▶ Extracted records

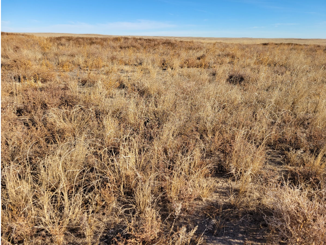
Photo 1: View looking east from the entrance to the site. Patches of grasses observed interspersed with annual weeds.
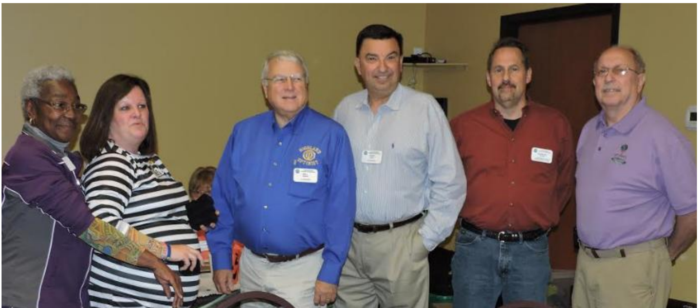
Members of the 2016-17 Optimist Leadership team, getting ready to start a wonderful year!
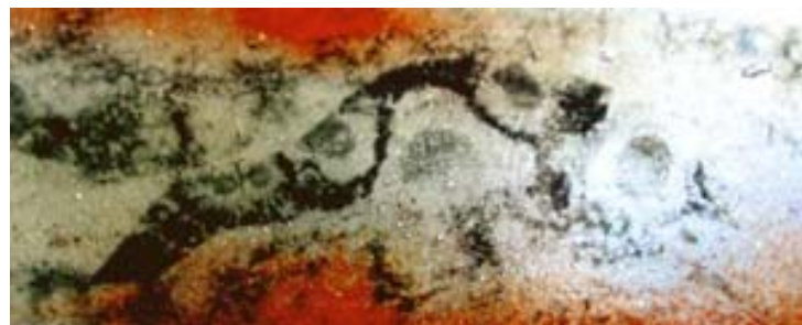
Painted Glass detail Merinda Young
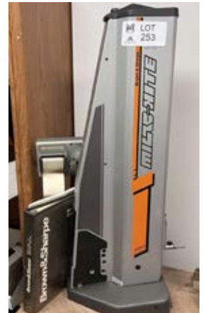
Brown & Sharpe Micro Hite Digital Height Gage
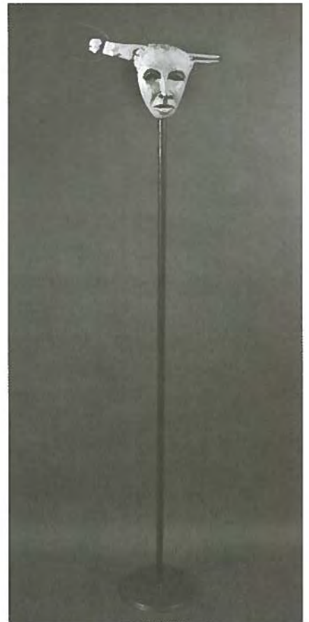
Susan H. Wilson I and Myself, 2008, Clay and mixed media 78 inches x 16 inches x 10 inches
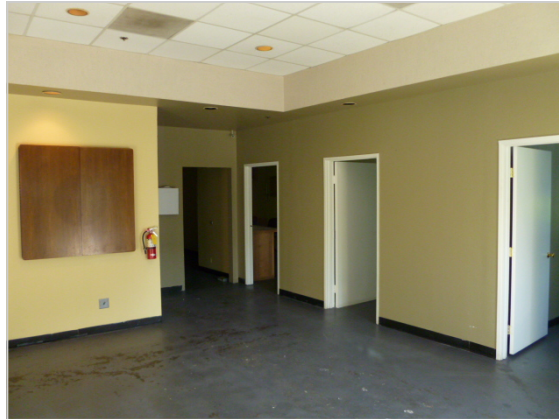
Two (2) private offices, workroom, kitchen and open office area.

Operational Food Commissary or Office/Warehouse Facility
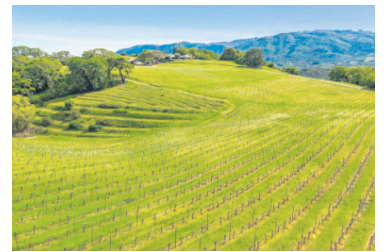
Vineyard View Ranch Near Town

Sound Off: promo tag with dummy text in 4 lines. K2
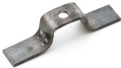
658001 Top bracket (single)
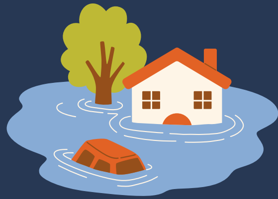
Flood - Flash and Riverine
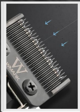
High Precision Chrome Blade
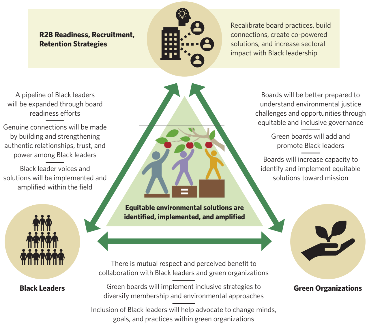
FIGURE 2. RACE TO THE BOARD THEORY OF CHANGE
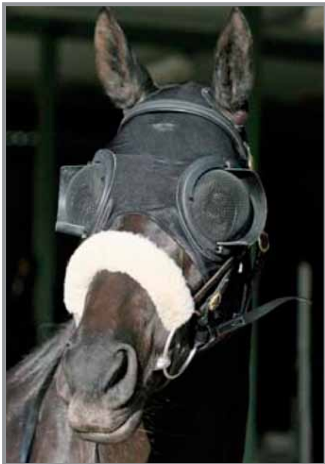
Blinker/Pacifier/Nose Roll Combination

All items may be used in conjunction with ear muffs.
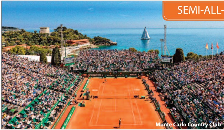
Monte Carlo Country Club
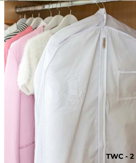
TWC - 2
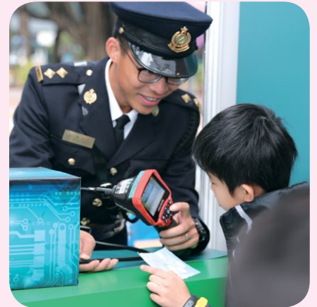
A boy shows strong interest in the interactive programmes at "Smart Customs" booth and workshop.

Thanks must also be given to the Logistics and Supply Chain MultiTech
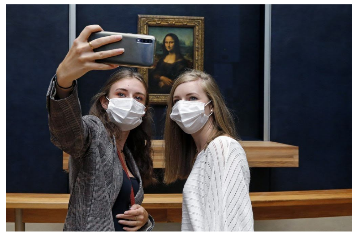
Visitors wearing face masks take a selfie with the painting of "Mona Lisa" by Leonardo Da Vinci at the Louvre museum.
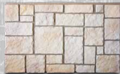
NW CR4830-LS Limestone
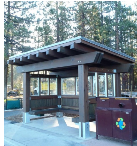
New Shelter (3)
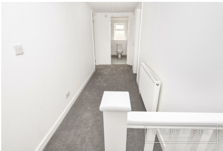
Landing 15'4 x 4'9 (4.67m x 1.45m)

Radiator, two power points, skimmed ceiling, fitted carpet.
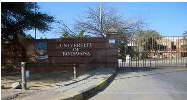
PAHO/WHOCC for Nursing and Midwifery Development University of Botswana – Gaborone District, Botswana
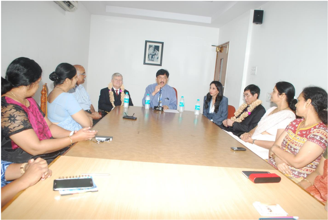
Preliminary meeting for Student Exchange Program with Boston University
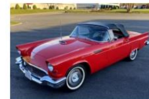
1957 Ford Thunderbird
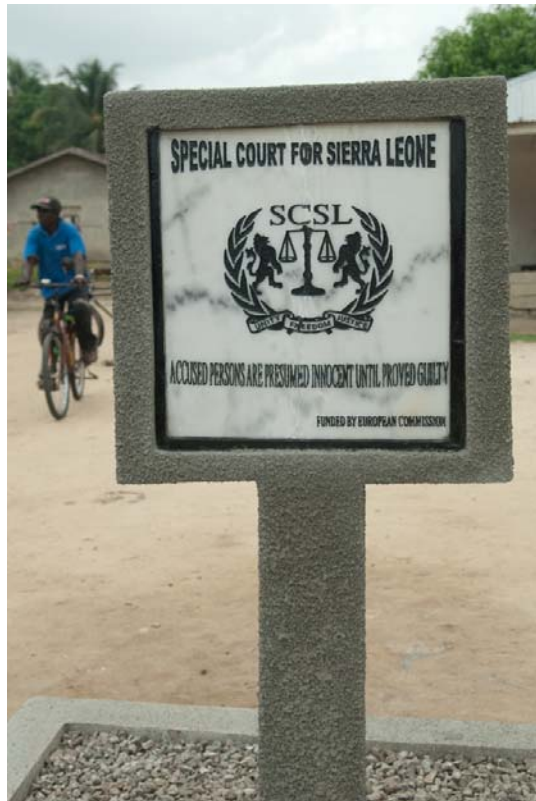
War memorial at Talia Yawbeko
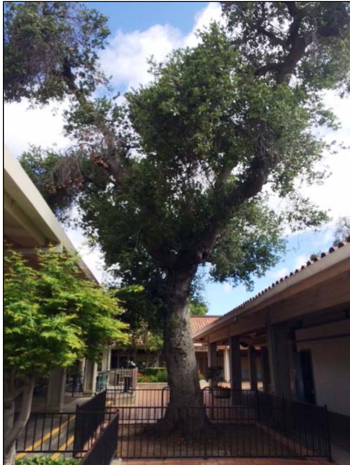
Photo 2: Looking east at coast live oak #19. The tree was mature, at 29" in diameter. It was in poor condition, with extensive dieback in the crown. Non-industry standard cables had been installed.

The remaining 10 species were represented by 3 or fewer individuals and included:
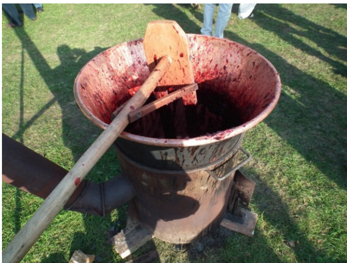
Fig.7.The traditional copper cauldron using for making plum preserve

Moreover, the plum preserve made in the Lower Vistula Valley is becoming more and more popular in the Cuiavian-Pomeranian Province. The area is inhabited by culturally different groups of people. The second part of the nineteenth century was a fruit farming development in the territory. At that time, settlers mainly from Netherlands, thanks to specific soil and climate conditions developed agriculture and orcharding. Nowadays, the traditional rituals are resumed.
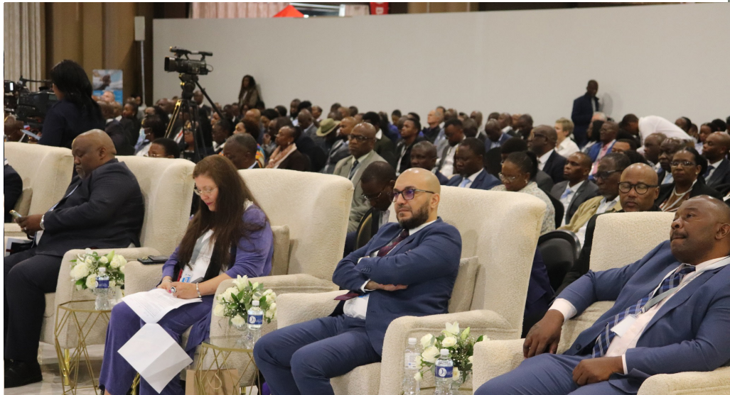
Part of the audience at the 17 th National Business Conference in Francistown.

...knowledge, a vital tool for value creation in modern economy
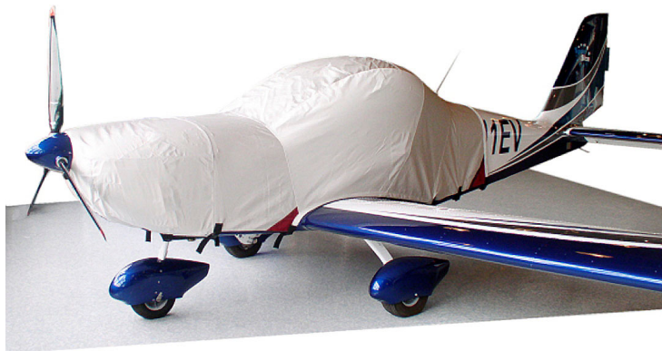
Evektor Sportstar Extended Canopy/Engine Cover
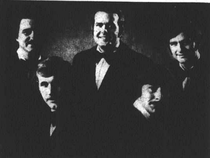
CONCERT - On Sunday, July 11 at 7:30 p.m. The First Baptist Church of Raeford will host a benefit concert by the Pioneers. All proceeds will go to the "Mission 76" project in which 24 youth from the church are scheduled to leave for Middlefield, Ohio on July 30. The trip will include a week of Mission Vacation Bible School as well as nightly choir concerts for this pioneer mission area. There is no admission charge and the public is cordially invited to attend.
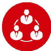
Student's Feedback (Feedback to student by all teachers)
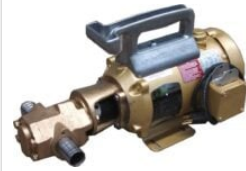
25GPM Portable Oil Transfer Pump - Massive Gears
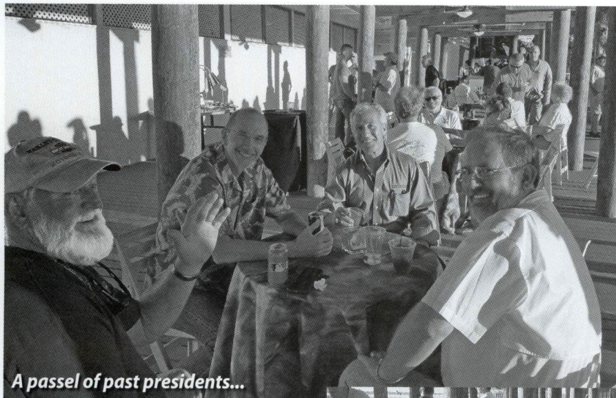
A passel of past presidents...
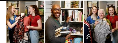
Volunteer in a charity
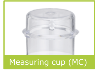
Measuring cup (MC)
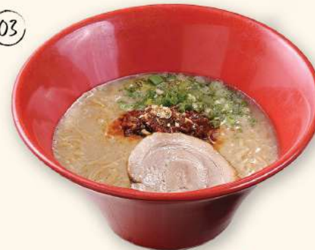
Egao Karaka-men RM26

All Set Meals include Fruits & Japanese Pickled Mustard
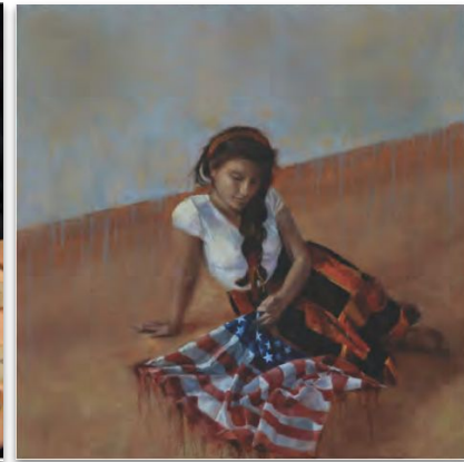
La Sangre del Sueño , Saloni Kalkat, 2012
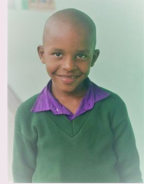
Prince Clement (Boy)
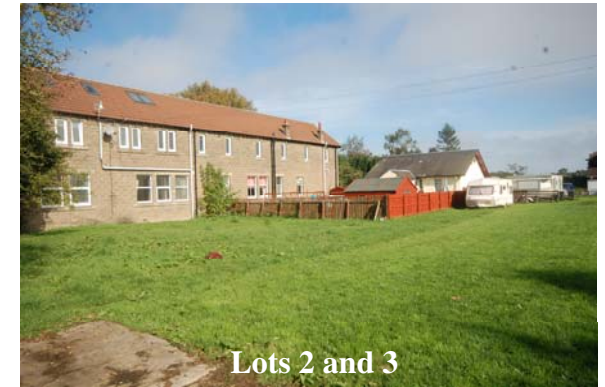
Lots 2 and 3

LOT 1 – Charming extended 5 bedroom semi-detached one and a half storey house situated up a quiet road which services three other houses on the edge of Thornton. The property extends to approximately 142 sq m (157.8 sq m including conservatory). It has been extensively extended both horizontally and vertically into the attic and provides spacious accommodation over two floors. There is an off street parking area with numerous spaces available adjacent to the house.
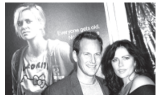
Cast member Patrick Wilson and his wife Dagmara Dominczyk arrive for the premiere of the film "Young Adult" in New York on 8 Dec, 2011.
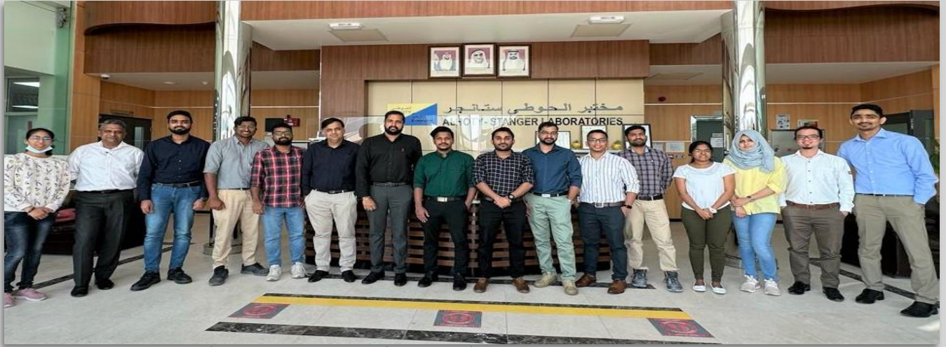
The "young" Internal QA Auditors on Team AHSL UAE now.
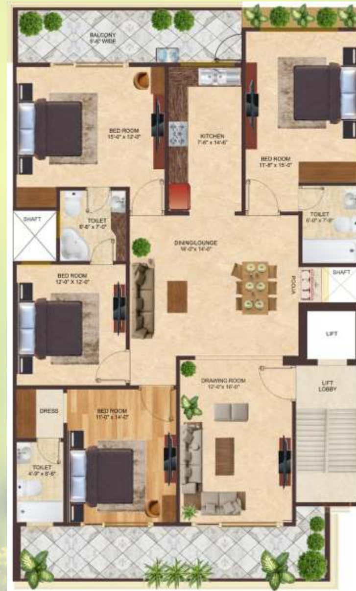
FLOOR PLAN LAYOUT
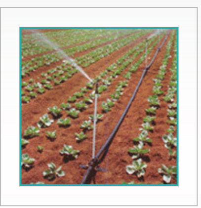
HDPE Sprinkler Pipe
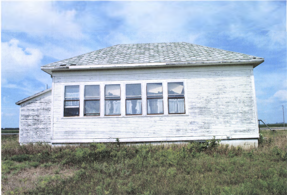
Danton School, south
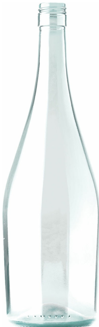
HALF FLINT F2008219

▶ Assignment
Quote the data above exactly from the line with "FIGURE 2. RACE TO THE BOARD THEORY OF CHANGE" to the line with "A boy shows", both ends counted, and nothing else. Pictures don't go in.

▶ Written solution
FIGURE 2. RACE TO THE BOARD THEORY OF CHANGE
Blinker/Pacifier/Nose Roll Combination

All items may be used in conjunction with ear muffs.
Monte Carlo Country Club
TWC - 2
A boy shows strong interest in the interactive programmes at "Smart Customs" booth and workshop.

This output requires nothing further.